The effects of delay duration on visual working memory for orientation.

作者信息

Shin Hongsup, Zou Qijia, Ma Wei Ji

机构信息

Center for Neural Science and Department of Psychology, New York University, New York, USA.

出版信息

J Vis. 2017 Dec 1;17(14):10. doi: 10.1167/17.14.10.

DOI:10.1167/17.14.10
PMID:29234786
原文链接:https://pmc.ncbi.nlm.nih.gov/articles/PMC6097585/
Abstract

We used a delayed-estimation paradigm to characterize the joint effects of set size (one, two, four, or six) and delay duration (1, 2, 3, or 6 s) on visual working memory for orientation. We conducted two experiments: one with delay durations blocked, another with delay durations interleaved. As dependent variables, we examined four model-free metrics of dispersion as well as precision estimates in four simple models.

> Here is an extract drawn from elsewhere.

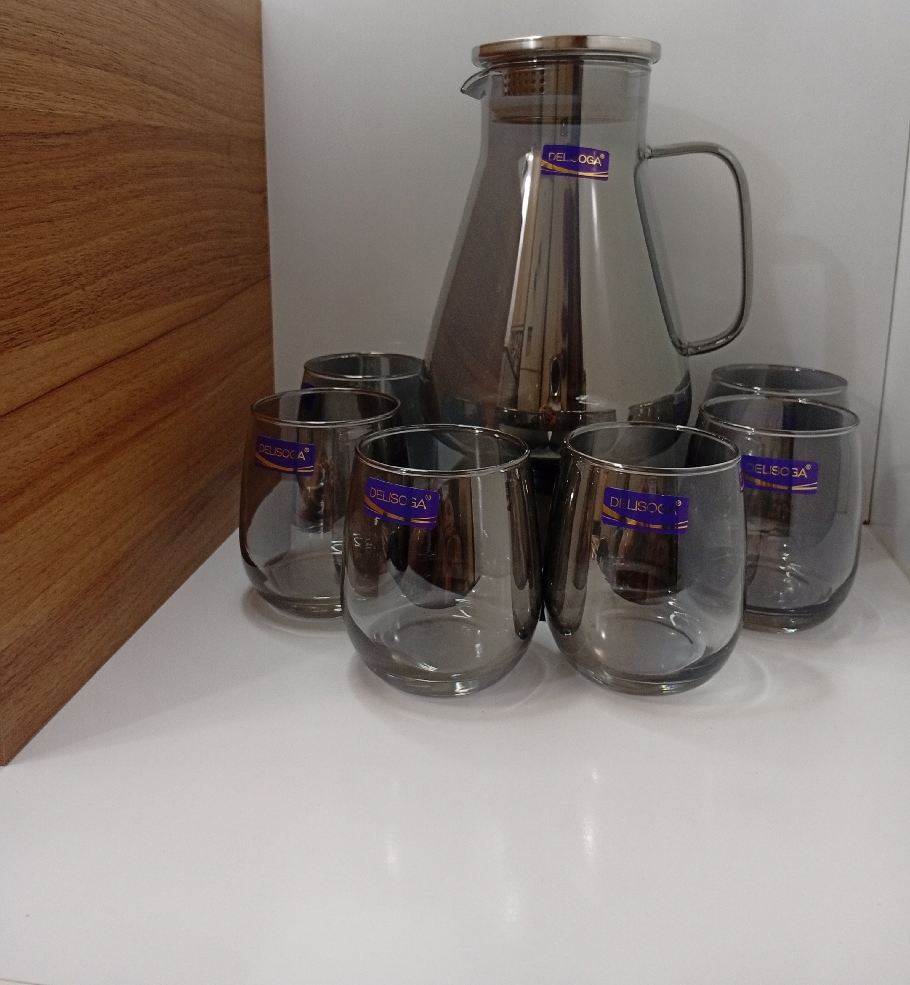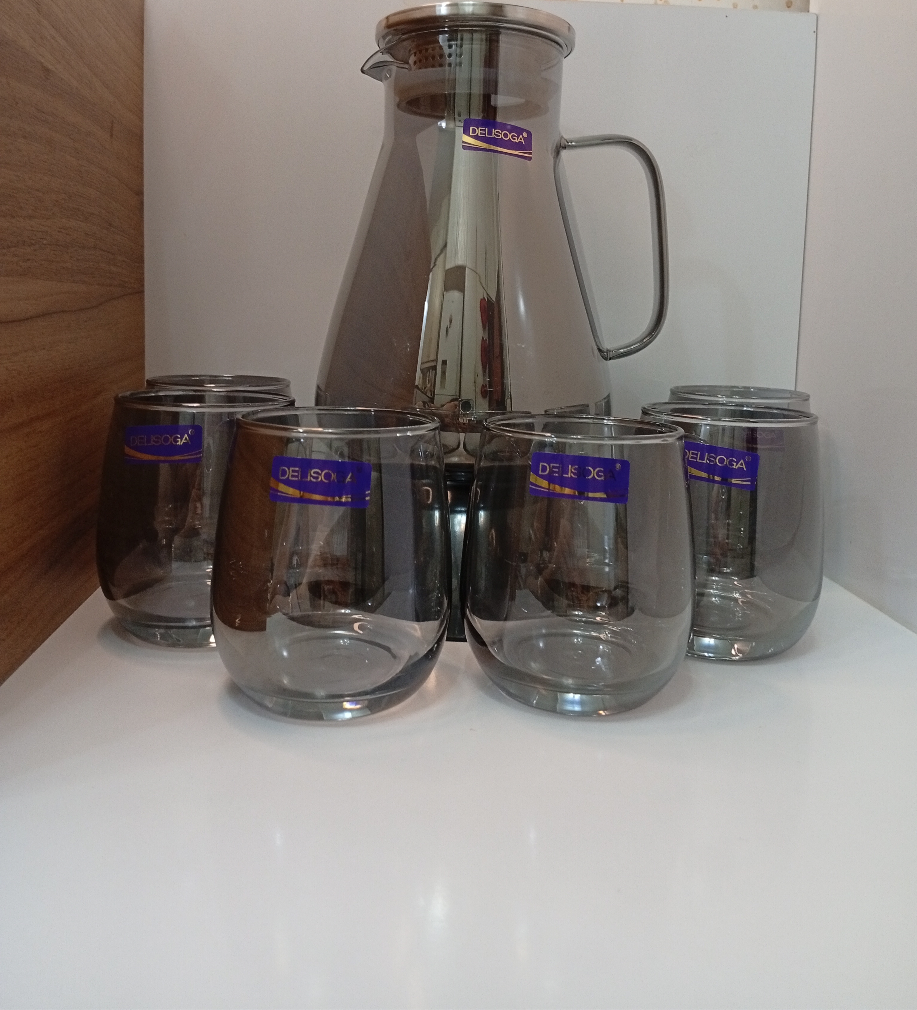 گنجایش پارچ: 1800 گنجایش لیوان: 350 میلی: رنگ دودی شفاف

We tested for effects of delay time using analyses of variance, linear regressions, and nested model comparisons. We found significant effects of set size and delay duration on both model-free and model-based measures of dispersion. However, the effect of delay duration was much weaker than that of set size, dependent on the analysis method, and apparent in only a minority of subjects. The highest forgetting slope found in either experiment at any set size was a modest 1.14°/s. As secondary results, we found a low rate of nontarget reports, and significant estimation biases towards oblique orientations (but no dependence of their magnitude on either set size or delay duration). Relative stability of working memory even at higher set sizes is consistent with earlier results for motion direction and spatial frequency. We compare with a recent study that performed a very similar experiment.

摘要

我们采用延迟估计范式来表征集合大小(1、2、4或6)和延迟持续时间(1、2、3或6秒)对方向视觉工作记忆的联合影响。我们进行了两项实验:一项实验中延迟持续时间是分块的,另一项实验中延迟持续时间是交错的。作为因变量,我们在四个简单模型中检验了四个无模型离散度指标以及精度估计。我们使用方差分析、线性回归和嵌套模型比较来测试延迟时间的影响。我们发现集合大小和延迟持续时间对无模型和基于模型的离散度测量均有显著影响。然而,延迟持续时间的影响比集合大小的影响弱得多,这取决于分析方法,并且仅在少数受试者中明显。在任何集合大小下,两个实验中发现的最高遗忘斜率为适度的1.14°/秒。作为次要结果,我们发现非目标报告率较低,并且对倾斜方向存在显著的估计偏差(但其大小与集合大小或延迟持续时间均无关)。即使在较高集合大小下工作记忆的相对稳定性也与先前关于运动方向和空间频率的结果一致。我们与最近进行了非常相似实验的一项研究进行了比较。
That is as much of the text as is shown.